Nope, If I can't fill up a trash can I ain't gonna mess with peanut butter jars.
TPbm is thinking man I just ate 2 jars of Jiffy?


----------



## MarkU

Rubberback said:


> Nope, If I can't fill up a trash can I ain't gonna mess with peanut butter jars.
> TPMB is thinking man I just ate 2 jars of Jiffy?


Nope, I just made about 2 jars worth. With peanuts!
TPBM hasn't eaten peanuts in months like me. And wonders why they came out in the latest BM...
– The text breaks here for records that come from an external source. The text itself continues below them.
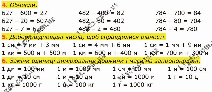 Обчисли. 627 – 600 = 27 627 – 20 = 607 627 – 7 = 620 482 – 400 = 82 482 – 80 = 402 482 – 2 = 480 784 – 700 = 84 784 – 80 = 704 784 – 4 = 780 5. Добери відповідні числа, щоб справдилися рівності. 1 см = 7 мм + 3 мм 1 км = 500 м + 500 м 1 см = 4 мм + 6 мм 1 км = 600 м + 400 м 1 см = 1 мм + 9 мм 1 км = 700 м + 300 м 6. Заміни одиниці вимірювання довжини і маси на запропоновані. 1 дм = 100 мм 1 дм = 10 см 1 кг = 1000 г 1 м = 1000 мм 1 м = 10 дм 1 ц = 100 кг 1 см = 10 мм 1 км = 1000 м 1 т = 1000 кг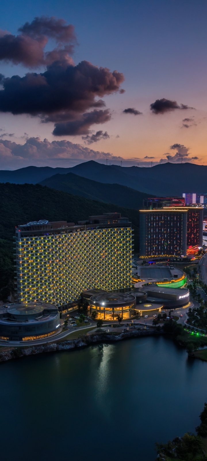 Wallpaper: bird's eye view, hotel, sunset - 720x1600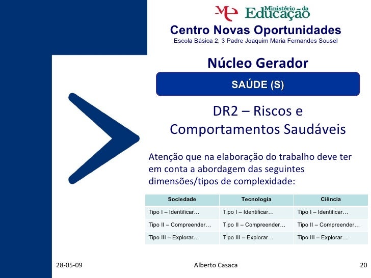 20. 20. Centro Novas Oportunidades Escola Básica 2, 3 Padre Joaquim Maria Fernandes Sousel Alberto Casaca 10-06-09 DR2 – Riscos e Comportamentos Saudáveis Atenção que na elaboração do trabalho deve ter em conta a abordagem das seguintes dimensões/tipos de complexidade: Núcleo Gerador SAÚDE (S) Sociedade Tecnologia Ciência Tipo I – Identificar… Tipo I – Identificar… Tipo I – Identificar… Tipo II – Compreender… Tipo II – Compreender… Tipo II – Compreender… Tipo III – Explorar… Tipo III – Explorar… Tipo III – Explorar…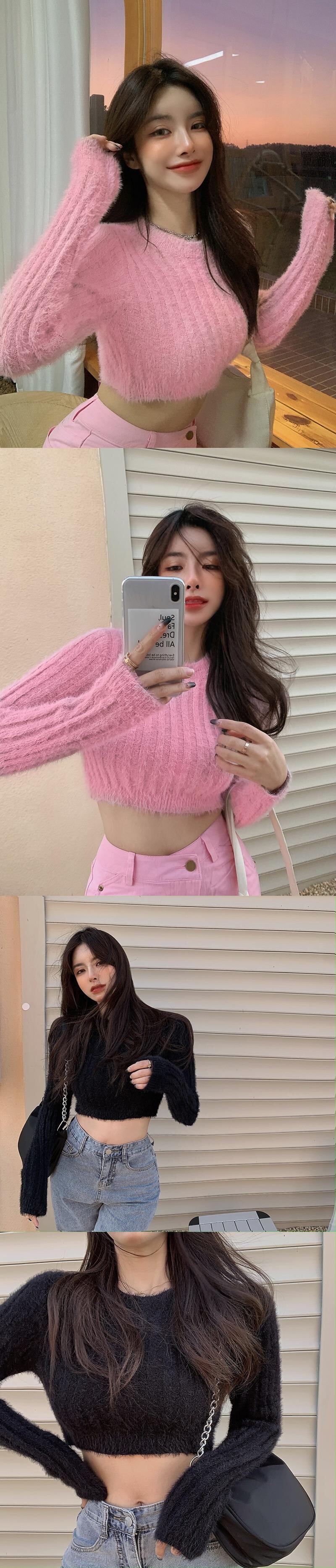 ラウンドネックホワイトショートセーター スプリング秋物トップス ロング 春物 オータム Oネック 長袖 YY22718612858

Sorry if my post is a thread killer... waiting...


----------



## carryyourbooks

carryyourbooks said:


> False, but I have considered it.
> 
> TPBM at too much mexican food............and here's your song..


TPBM skipped!!


----------



## Blk Jck 224

carryyourbooks said:


> TPBM skipped!!


 False...Skipping is for little girls...

The Person Below Me is so clever that often they can't quite understand everything that they are saying.


----------



## MarkU

Blk Jck 224 said:


> False...Skipping is for little girls...
> 
> The Person Below Me is so clever that often they can't quite understand everything that they are saying.
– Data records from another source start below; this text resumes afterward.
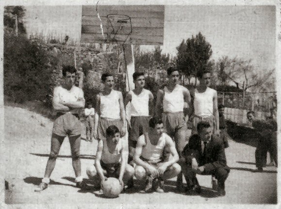 Equipo de Baloncesto de Ribadavia 195?: Raúl Modroño, Nesto Soto, Hermida Alonso, Benito Amil, Santiago Martínez, José Luís Garcia, Pepe Escudero e Javier meruendano. Exemplar escaneado por Benito Amil sacado do libro Álbúms para o Reencontro Ribadavia e os Ribadavienses III.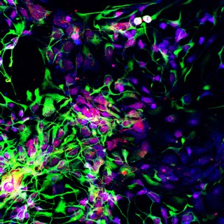 | Motor neuron progenitors (green) derived from human embryonic stem cells. Death of motor neurons is a hallmark of ALS. Image: Sharyn Rossi, Hans Keirstead Lab at the University of California, Irvine |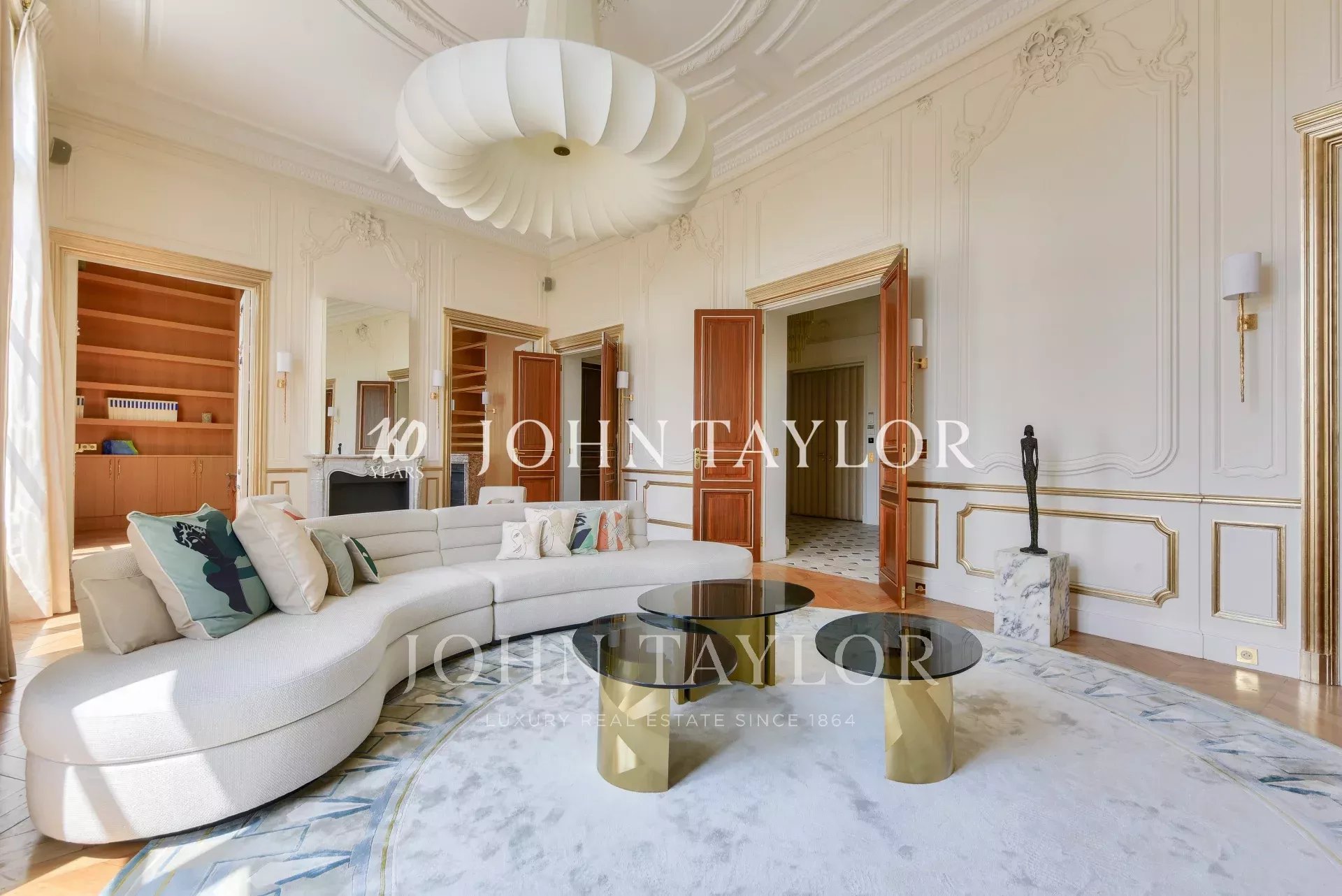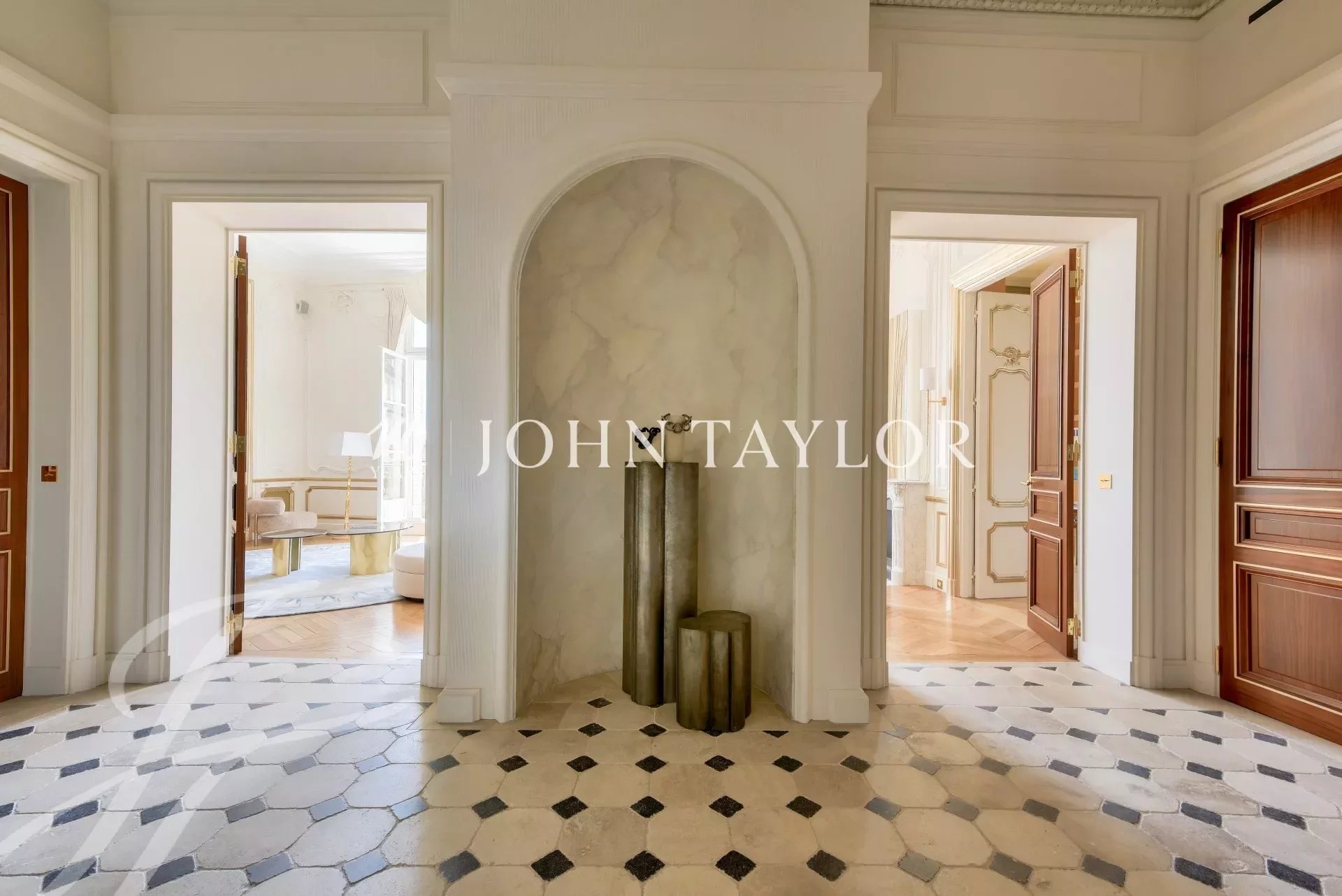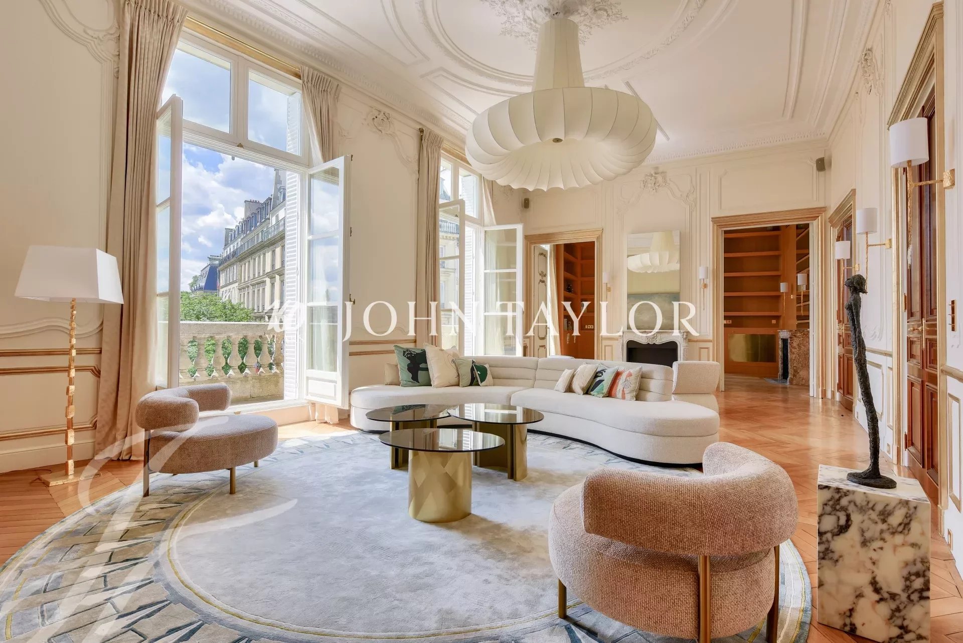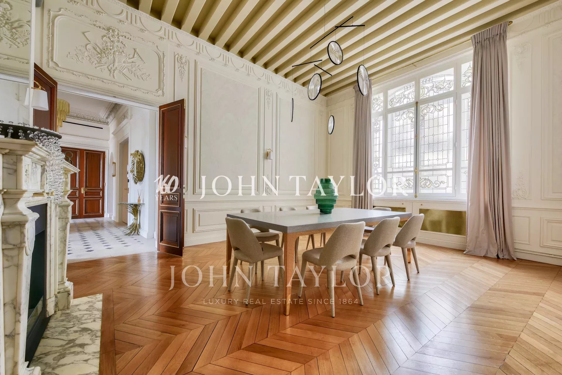 Dans un immeuble de grand standing, au deuxième étage avec ascenseur, fabuleux appartement de réception d’une superficie de 350 m2 au sol (319 m2 loi Carrez) ayant bénéficié d’une rénovation exceptionnelle par l'un des cabinets d'architecture les plus renommés.

That is totally false statement about how right I usually am.

TPBM needs to give me their worst fishing GPS spots.


----------



## TXFishSlayer

29.032913, -95.451652

Be careful - this used to be a hotspot due to the medical waste from the hospital growing those ditch fish to extreme lengths!

TPBM has a 6-pack on ice for me to pick up!


----------



## 9121SS

TXFishSlayer said:


> 29.032913, -95.451652
> 
> Be careful - this used to be a hotspot due to the medical waste from the hospital growing those ditch fish to extreme lengths!
> 
> TPBM has a 6-pack on ice for me to pick up!
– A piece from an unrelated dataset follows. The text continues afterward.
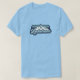 A stylish Rochebrune T-shirt featuring a bold alpine mountain graphic with layered blue tones and flowing script lettering. Shown on a light blue shirt, this design has a clean, cool mountain feel that works especially well for ski lovers, snowboarders, hikers and anyone drawn to alpine travel style. The soft blue palette gives it a fresh retro-outdoors look while keeping the design easy to wear as a casual mountain-inspired tee.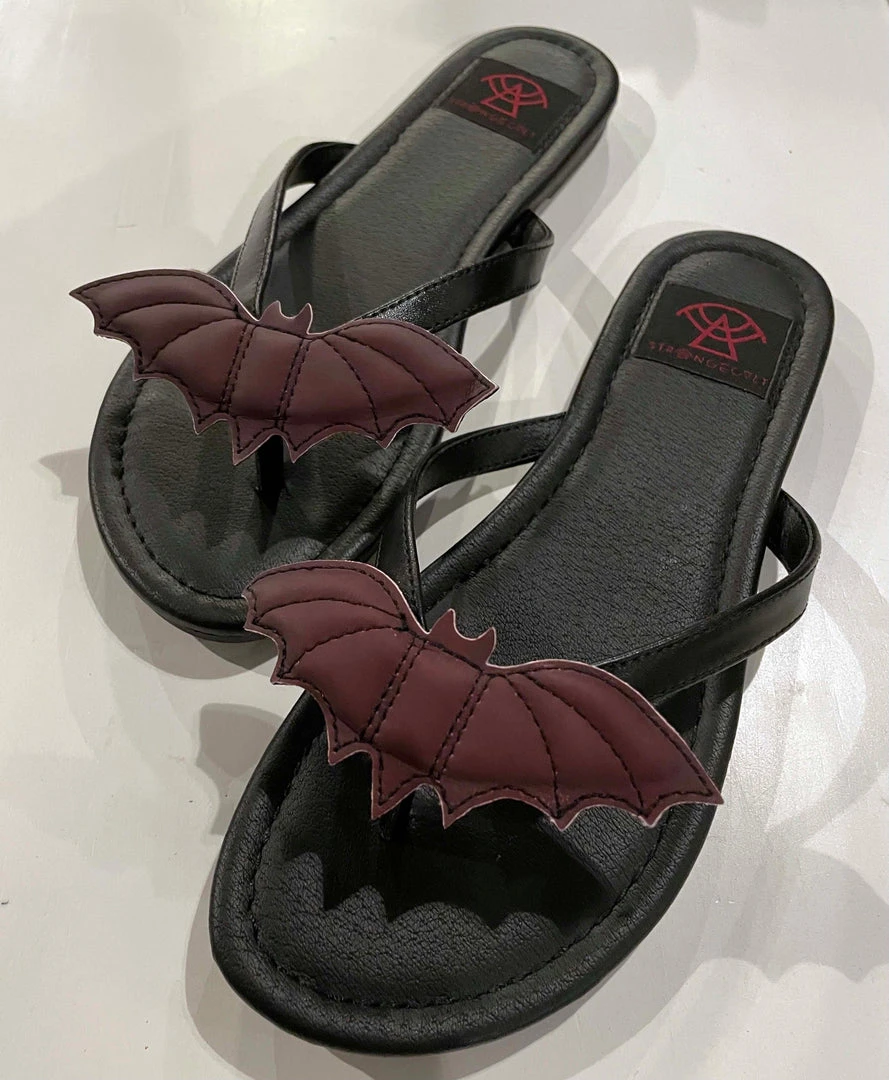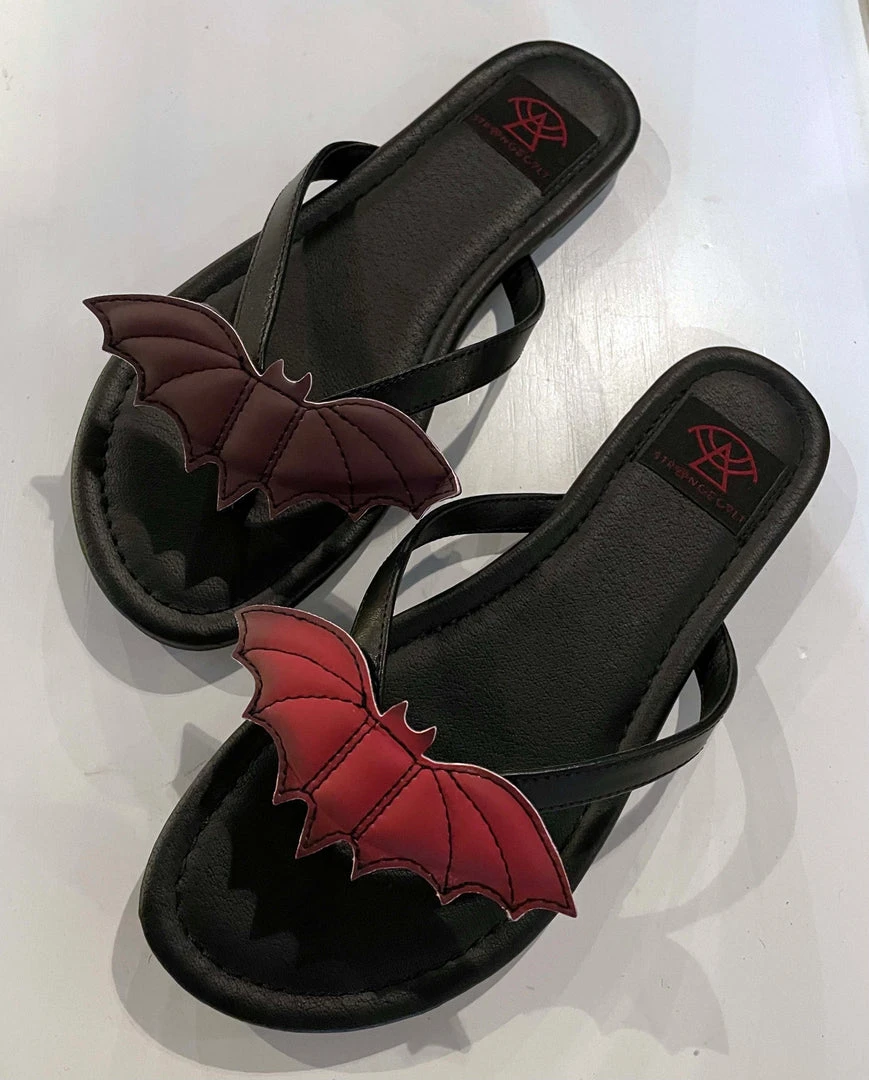 The Strange Cvlt Betty sandal with a dark red color-changing bat! The bat is dark red in cold and changes to a brighter red the warmer it gets.

It's a box of 24. Come on over and I'll help you drink it!

The person below me can't wait for Smack to come back!


----------



## 24Buds

9121SS said:


> It's a box of 24. Come on over and I'll help you drink it!
> 
> The person below me can't wait for Smack to come back!


False, kinda true, I liked how he talked so much shtuff.

TPBM wants the oil to reach $130 a barrel


----------



## MarkU

True, but wait until I place a buy on futures.

TPBM needs to tell us their New Year resolutions.


----------



## carryyourbooks

MarkU said:


> True, but wait until I place a buy on futures.
> 
> TPBM needs to tell us their New Year resolutions.


True, but none to tell since none were made.

TPBM hates thieves!!


----------



## The1ThatGotAway

carryyourbooks said:


> True, but none to tell since none were made.
> 
> TPBM hates thieves!!


Me thinks thieves should die.

TPBM thinks they sing really good.


----------



## I Fall In

The1ThatGotAway said:


> Me thinks thieves should die.
> 
> TPBM thinks they sing really good.


False. I think I sing Great.

TPBM thinks 5 letters just isn't enough.


----------



## OnedayScratch

I Fall In said:


> False. I think I sing Great.
> 
> TPBM thinks 5 letters just isn't enough.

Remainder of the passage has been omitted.